I was just entering college at about the time that Intel introduced the first commercial microprocessor, the 4004, and my first year as a working engineer saw the processor clock rate jump to a stunning 1 MHz. Before the microprocessor’s arrival, control of complex systems had required the design of inflexible ladder logic and state machines using transistors and simple logic gates. With the 4004, however, developers could create hardware designs that could be configured and repurposed simply by changing the contents of a memory device. Suddenly, hardware design simplified and system design speeded up even as faster, more complex behaviors became practical to implement. Replacing dedicated logic with software code became the central approach to embedded system design, and developers slow to catch the wave found themselves becoming sidelined into niche applications.

AI has the potential to do the same thing to today’s embedded system designers. System operations have become so demanding and their behaviors so complex that ease of programming a processor has become more important than its performance characteristics. And demand for complex system behaviors has continued to increase, threatening to outstrip developers’ abilities to implement reliable code to meet the requirements.

This is where AI is stepping in. Rather than try to figure out an algorithm that implements a desired task, a developer can use AI to “teach” the embedded system its task. Writing code that would allow a camera system to reliably detect all and only the human faces in its field of view is a daunting and error-prone task if working with traditional embedded programming techniques. With an AI system, however, stunning results can be achieved rapidly by training a hosted AI to do the task, then implementing the resulting neural net on an AI-enhanced processor.

This leaves traditional embedded developers with the same kind of choice that the logic designers of the mid-’70s faced: Learn the new approach or risk being left on the sidelines.

Happily, there are some differences in this situation. Developers need not become AI experts to apply AI to their design tasks, just as they do not have to know how to write machine code to program the microprocessor. Developers simply must know how to work the AI tools and learn when to apply which approach to address their design goals.

Still, that will require developers to acquire new skills and develop a new way of thinking. They will need to learn about topics such as convolutional neural networks, machine learning, methods for training AI, and how to partition system behavior into AI and algorithmic domains. They will also need to know how to test, debug, and validate system behavior when its key operating characteristics are derived, not defined, and its intermediate operations are hidden so that the system is not amenable to traditional software analysis.

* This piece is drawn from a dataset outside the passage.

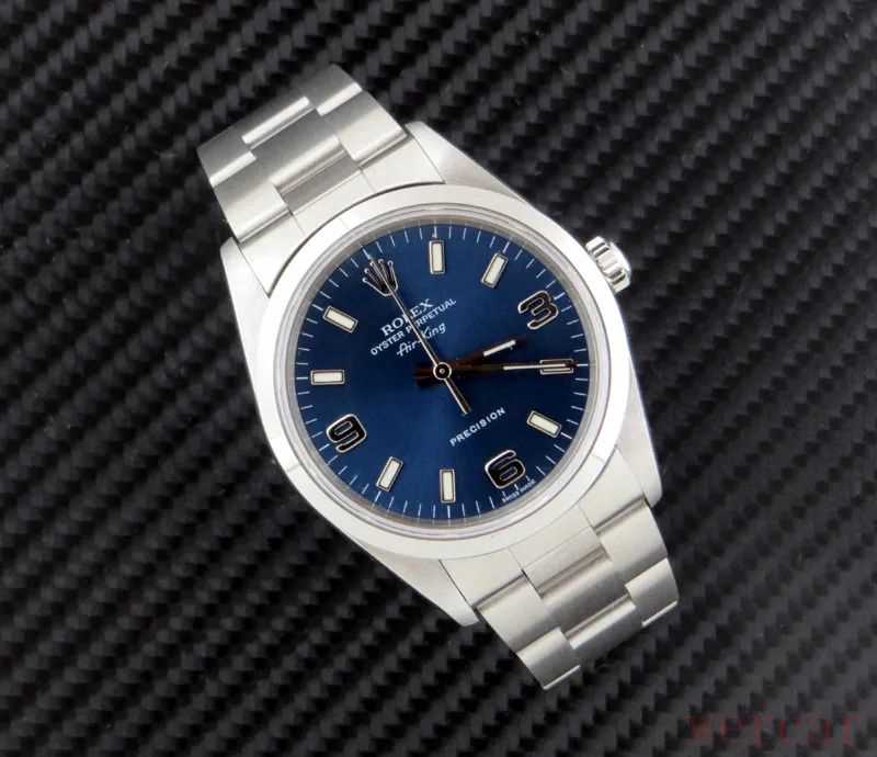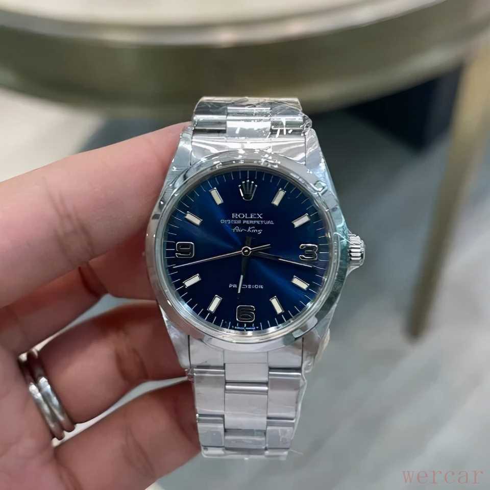 ●首先还是看看劳力士这款空霸型,相比白色款空霸,这款空霸采用蓝色表盘并以放射纹点缀,作为正装表百搭耐看,更具绅士气质。

AI systems work by setting weights for neural networks to achieve a desired result and may contain hidden layers. Both attributes make them difficult to analyze and debug using traditional methods.

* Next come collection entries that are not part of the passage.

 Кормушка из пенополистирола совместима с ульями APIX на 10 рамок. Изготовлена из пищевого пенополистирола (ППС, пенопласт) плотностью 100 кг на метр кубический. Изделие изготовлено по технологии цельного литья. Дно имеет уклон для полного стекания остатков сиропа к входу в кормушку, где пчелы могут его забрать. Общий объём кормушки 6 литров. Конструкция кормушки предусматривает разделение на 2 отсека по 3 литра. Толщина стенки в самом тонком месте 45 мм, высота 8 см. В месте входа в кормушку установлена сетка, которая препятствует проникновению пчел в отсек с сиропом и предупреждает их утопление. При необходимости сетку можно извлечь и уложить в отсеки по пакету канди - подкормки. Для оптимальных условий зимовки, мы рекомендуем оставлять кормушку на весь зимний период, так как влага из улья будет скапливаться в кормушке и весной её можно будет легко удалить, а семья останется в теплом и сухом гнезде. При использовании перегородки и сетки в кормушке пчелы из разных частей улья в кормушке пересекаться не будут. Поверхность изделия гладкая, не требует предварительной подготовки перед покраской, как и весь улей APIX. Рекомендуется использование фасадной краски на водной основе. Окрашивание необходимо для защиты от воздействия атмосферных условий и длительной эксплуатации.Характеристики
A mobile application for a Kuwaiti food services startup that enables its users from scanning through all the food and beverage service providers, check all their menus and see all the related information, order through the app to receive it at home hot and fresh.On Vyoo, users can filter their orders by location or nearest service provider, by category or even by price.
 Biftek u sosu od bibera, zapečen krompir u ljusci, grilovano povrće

Furthermore, the situation will continue to compound. For now, embedded AI is mostly going to be implementations of relatively fixed networks defined during an earlier training stage. But as edge processing of AI continues increasing in performance and dropping in cost, future embedded AI systems will increasingly be designed to be self-training. So embedded developers will be building systems that start out relatively simple and undifferentiated but will evolve along paths unique to their specific installation over time while still needing maintenance, debugging, and upgrades from the parent company.

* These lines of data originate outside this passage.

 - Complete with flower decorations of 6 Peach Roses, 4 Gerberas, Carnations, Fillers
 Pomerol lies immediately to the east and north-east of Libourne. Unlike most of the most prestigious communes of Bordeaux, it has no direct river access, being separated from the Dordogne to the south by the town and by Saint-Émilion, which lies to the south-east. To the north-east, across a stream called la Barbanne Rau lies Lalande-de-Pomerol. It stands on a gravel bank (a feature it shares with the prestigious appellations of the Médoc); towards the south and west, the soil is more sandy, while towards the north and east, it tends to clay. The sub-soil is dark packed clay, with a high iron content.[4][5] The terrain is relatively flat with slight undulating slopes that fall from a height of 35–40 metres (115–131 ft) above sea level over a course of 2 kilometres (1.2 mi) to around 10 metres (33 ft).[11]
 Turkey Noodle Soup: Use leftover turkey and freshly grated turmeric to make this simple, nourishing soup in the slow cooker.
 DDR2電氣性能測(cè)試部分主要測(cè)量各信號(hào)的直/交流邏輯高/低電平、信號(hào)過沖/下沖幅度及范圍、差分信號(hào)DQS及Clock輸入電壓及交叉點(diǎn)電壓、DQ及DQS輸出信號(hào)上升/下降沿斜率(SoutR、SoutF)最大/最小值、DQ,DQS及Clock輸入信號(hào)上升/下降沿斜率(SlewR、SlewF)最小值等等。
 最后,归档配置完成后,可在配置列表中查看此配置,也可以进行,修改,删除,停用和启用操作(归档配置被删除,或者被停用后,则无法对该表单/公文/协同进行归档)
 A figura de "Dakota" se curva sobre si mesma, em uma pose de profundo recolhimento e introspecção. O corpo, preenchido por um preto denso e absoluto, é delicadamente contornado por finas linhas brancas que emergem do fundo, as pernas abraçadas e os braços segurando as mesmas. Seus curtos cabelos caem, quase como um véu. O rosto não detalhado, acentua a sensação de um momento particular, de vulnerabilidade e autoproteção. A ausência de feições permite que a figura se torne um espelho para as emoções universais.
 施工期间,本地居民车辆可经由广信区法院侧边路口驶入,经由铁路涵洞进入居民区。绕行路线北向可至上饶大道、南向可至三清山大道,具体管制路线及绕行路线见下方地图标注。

AI will trigger a wholesale shift in the way that embedded systems get designed, and developers should begin preparing now. The shift won’t happen overnight, and it will not affect all embedded systems the same way, so there will be time for the industry to adapt. But the shift seems inexorable and likely to affect nearly every application space over the long haul, just as the move from logic design to processor programming did over the last 40 years. Those who want their designs to always reflect the state of the art, then, need to start learning how to embed AI.